He is a charter member of the Northeast Ohio PMI Chapter.
Dr. Kerzner has traveled around the world conducting project management lectures for PMI Chapters and companies in Japan, China, Russia, Brazil, Singapore, Korea, South Africa, Canada, Ireland, Germany, Spain, Belgium, Poland, Croatia, Mexico, Trinidad, Barbados, The Netherlands, Sweden, Finland, Venezuela, Columbia, United Arab Emirates, France, Italy, England, and Switzerland. He delivered a keynote speech at a PMI Global Congress on the future of project management.
His recognitions include:
- The University of Illinois granted Dr. Kerzner a Distinguished Recent Alumni Award in 1981 for his contributions to the field of project management.
- Utah State University provided Dr. Kerzner with the 1998 Distinguished Service Award for his contributions to the field of project management.
- The Northeast Ohio Chapter of the Project Management Institute gives out the Kerzner Award once a year to one project manager in Northeast Ohio that has demonstrated excellence in project management. They also give out a second Kerzner Award for project of the year in Northeast Ohio.

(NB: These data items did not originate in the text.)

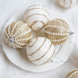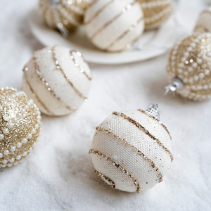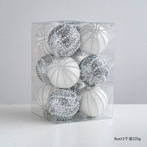 跨境新品圣诞节装饰品8cm香槟色银色彩绘泡沫球套装圣诞树挂件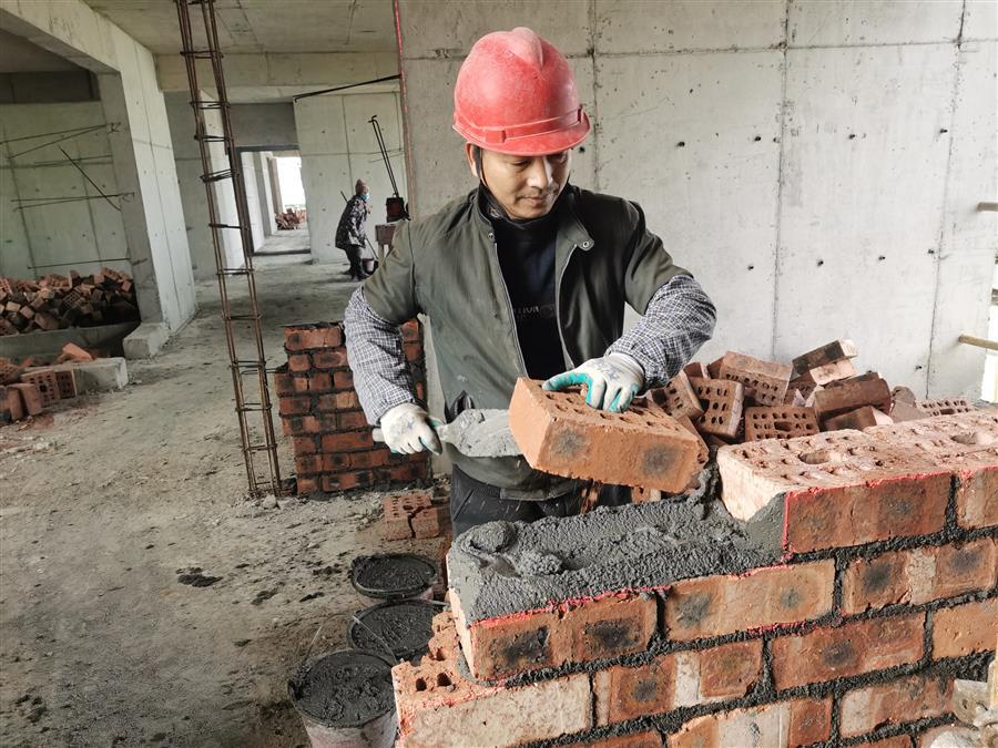 柳城靖西村棚戶區(qū)改造項目建設(shè)者在砌筑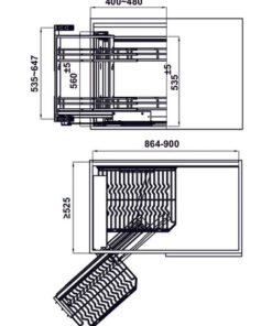 | Thiết kế hệ kéo liên hoàn đặc biệt để tận dụng tối đa không gian góc bếp |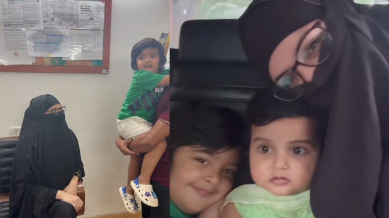 বোরকা পরে সন্তানদের টিকা দেওয়ার জন্য হাসপাতালে পর...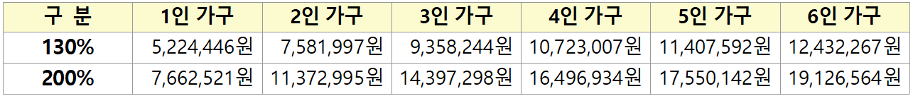 - 1인 가구는 20% p, 2인 가구는 10% p가산 적용한 금액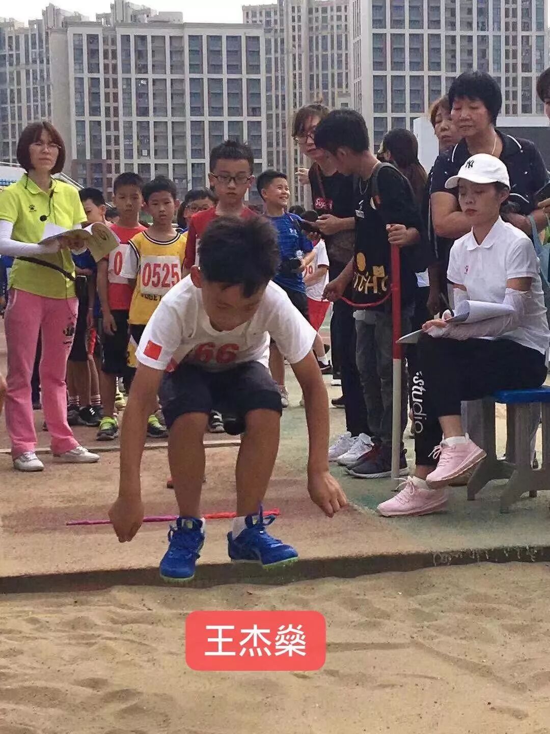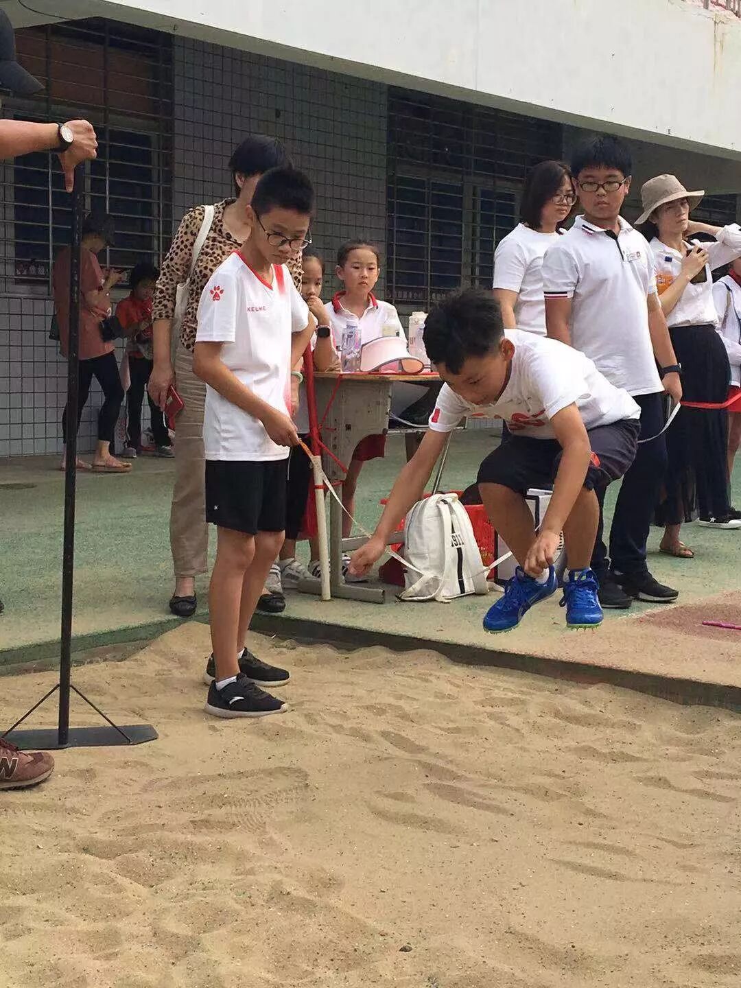 三年1班王杰燊以2.17 m的成绩破学校三年级男子立定跳远纪录。

- The Project Management Institute (National Organization) in cooperation with IIL has initiated the Kerzner International Project Manager of the Year Award given to one project manager yearly anywhere in the world that demonstrated excellence in project management.
- The Project Management Institute also gives out four scholarships each year in Dr. Kerzner’s name for graduate studies in project management.
- Baldwin-Wallace University has instituted the Kerzner Distinguished Lecturer Series in project management.
- The Italian Institute of Project Management presented Dr. Kerzner with the 2019 International ISIPM Award for his contributions to the field of project management.
Dr. Harold Kerzner can be contacted at hkerzner@hotmail.com
Dr. Al Zeitoun, PgMP, PMI Fellow
Global Future of Work Executive
Siemens DISW
Ohio & Maryland USA
Dr. Al Zeitoun is a Future of Work, business optimization, and operational performance excellence thought leader with global experiences in strategy execution. His experiences encompass leading organizations; delivering their Enterprise Digital and Business Transformation; guiding fitting frameworks implementations; and using his empathy, engineering insights, and collaboration strengths to successfully envision new business models and execute complex missions across diverse cultures globally.
In his current role with Siemens, he is a Senior Director of Strategy responsible for driving the global program management practices, Master Plan governance, and enabling the Strategy Transformation processes and priorities.
In his position, as the Executive Director for Emirates Nuclear Energy Corporation, Abu Dhabi, UAE, he was responsible for creating the strategy execution framework, achieving transformation benefits, governance excellence, and creating the data analytics discipline necessary for delivering on the $40B complex country energy mission roadmap.
At the McLean, USA HQ of Booz Allen Hamilton, Dr. Zeitoun strategically envisioned and customized digitally enabled EPMO advisory, mapped playbooks, and capability development for clients’ Billions of Dollars strategic initiatives. Furthermore, he led the firm’s Middle East North Africa Portfolio Management and Agile Governance Solutions.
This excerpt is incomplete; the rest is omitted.